[[ DATA LISTING open ]]

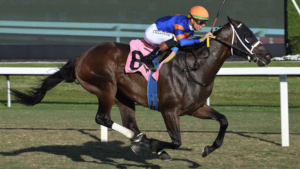 HALLANDALE BEACH, FL – Grade 1 stakes-placed on dirt, Neoequos scored an impressive turf debut Saturday at Gulfstream Park, where the 4-year-old son of Neolithic registered an impressive two-length victory in the $75,000 Sunshine Turf.
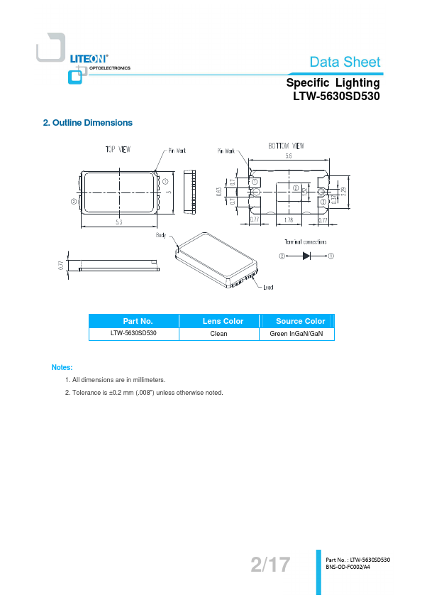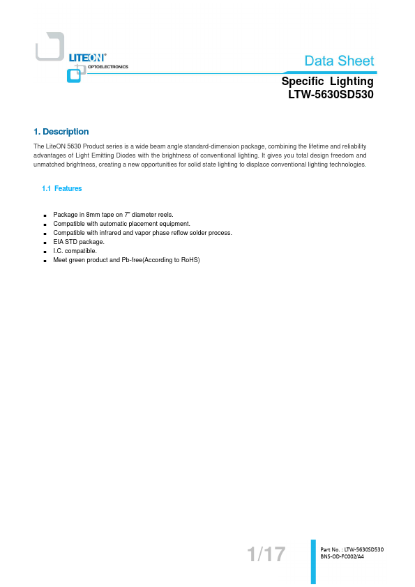 * Package in 8mm tape on 7" diameter reels. Compatible with automatic placement equipment. Compatible with infrared and vapor phase reflow solder process. EIA STD package. I. C. compatible. Meet green product and Pb-free(According to RoHS) 1/17 Part No. : LTW-5630SD530 BNS-OD-FC002/A4 2. Outline Dim📁 Related Datasheet
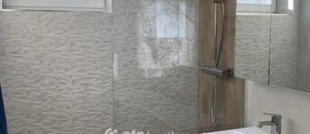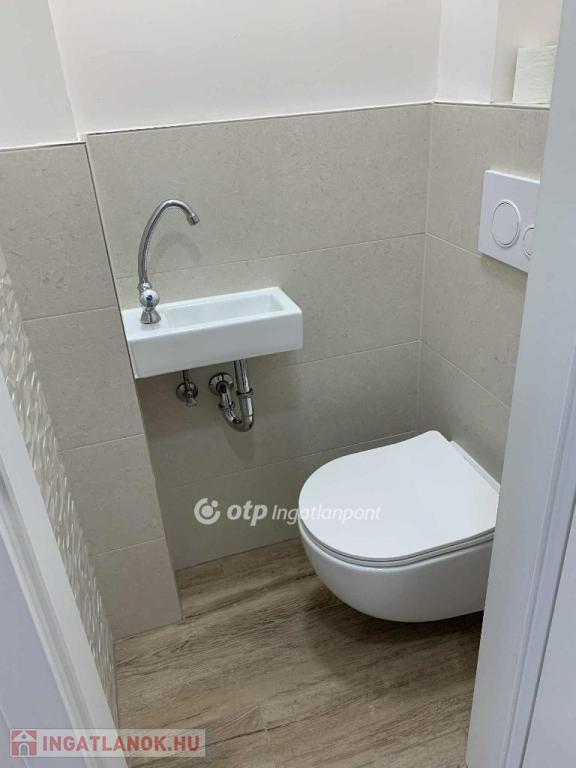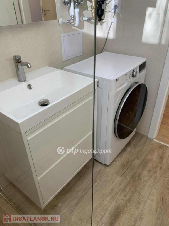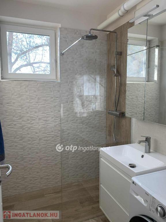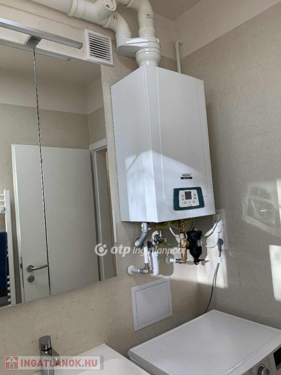 A fürdőszoba zuhanyzós, benne új mosógép és egy szintén új westen márkájú gázcirkó készülék, amely a melegvizet szolgáltatja és a lakás önálló fűtését, radiátoros hőleadással.
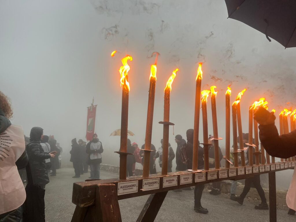 La cerimonia è iniziata alle ore 15 con una fiaccolata fino all’obelisco, cui è seguito l’alzabandiera con il silenzio intonato dalla tromba, con deposizioni di fiori e corone.
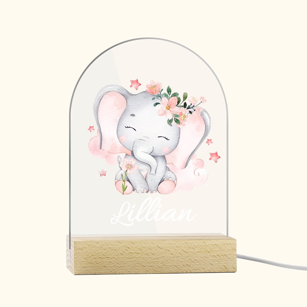 This acrylic plaque features a cute floral elephant motif and comes with many different elephant shapes to choose from. You can also customize your child's name on it to make it even more special. In addition, the plaque has four different light colors, which you can adjust according to your preferences.
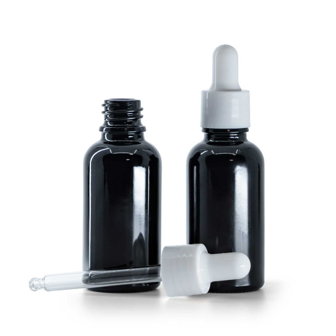 Fekete fényes üvegpalack, fehér fényes pipettával, 30 ml

[[ DATA LISTING closed ]]

WHAT THE TASK REQUIRES => From the first line to the last, set down the records word for word and drop the images.

ANSWER BOX =>
 HALLANDALE BEACH, FL – Grade 1 stakes-placed on dirt, Neoequos scored an impressive turf debut Saturday at Gulfstream Park, where the 4-year-old son of Neolithic registered an impressive two-length victory in the $75,000 Sunshine Turf.
 * Package in 8mm tape on 7" diameter reels. Compatible with automatic placement equipment. Compatible with infrared and vapor phase reflow solder process. EIA STD package. I. C. compatible. Meet green product and Pb-free(According to RoHS) 1/17 Part No. : LTW-5630SD530 BNS-OD-FC002/A4 2. Outline Dim📁 Related Datasheet
 A fürdőszoba zuhanyzós, benne új mosógép és egy szintén új westen márkájú gázcirkó készülék, amely a melegvizet szolgáltatja és a lakás önálló fűtését, radiátoros hőleadással.
 La cerimonia è iniziata alle ore 15 con una fiaccolata fino all’obelisco, cui è seguito l’alzabandiera con il silenzio intonato dalla tromba, con deposizioni di fiori e corone.
 This acrylic plaque features a cute floral elephant motif and comes with many different elephant shapes to choose from. You can also customize your child's name on it to make it even more special. In addition, the plaque has four different light colors, which you can adjust according to your preferences.
 Fekete fényes üvegpalack, fehér fényes pipettával, 30 ml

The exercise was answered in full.